A joint venture is an agreement between two or more people or businesses. The parties combine interests, efforts, ideas or assets for a series of transactions or a single project. Joint ventures can last as long as the parties want, with updates of the agreement possible. Successful short-term agreements clearly spell out the responsibilities of all the partners. That increases the chances of a successful venture -- and also creates options for terminating the agreement for breach of contract.
Read the joint venture agreement for clear examples of nonperformance or breach of contract by one or more of the parties. For example, a joint venture agreement requiring a partner to contribute 50 percent of monthly operating expenses is breached if the partner fails to do so. Or a partner may violate a non-compete clause in the agreement by entering into a similar arrangement with another company.
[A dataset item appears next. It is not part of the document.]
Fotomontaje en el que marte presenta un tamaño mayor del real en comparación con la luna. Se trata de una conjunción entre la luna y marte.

Compare actions by the partner or partners against stipulations in the contract to confirm a breach of contract.
Gather evidence to support the breach of contract. One example: letters written requesting the partner contribute cash to the joint venture as called for in the contract.
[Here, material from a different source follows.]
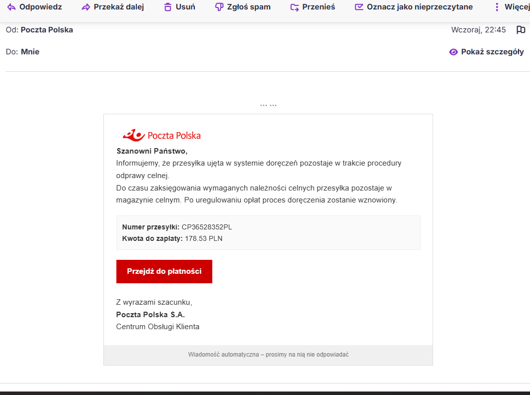 Tym razem scenariusz jest prosty i aż nazbyt wiarygodny. Poczta Polska informuje o rzekomej odprawie celnej, podaje numer przesyłki, konkretną kwotę do zapłaty i zapewnia, że po uregulowaniu należności proces doręczenia zostanie wznowiony. Wszystko wygląda „urzędowo”, grzecznie i rzeczowo. Problem w tym, że to nie Poczta Polska – tylko oszuści.

Read the joint venture agreement for predetermined termination conditions. Terminating the joint venture agreement means the partnership comes to an end. That means winding down the business opportunity. Joint venture agreements usually stipulate how assets, contracts and other matters are handled after a termination of the agreement.
Consult with an attorney experienced in joint venture agreements. Point out the possible breach of contact and ask the attorney to provide a legal opinion.
Instruct your attorney to send a letter to the partner alleging breach of contract and a termination of the joint venture agreement. Terminate the agreement if the partner agrees with the breach and does not contest it. If the partner contests the termination, instruct your attorney to file a lawsuit alleging breach of contract.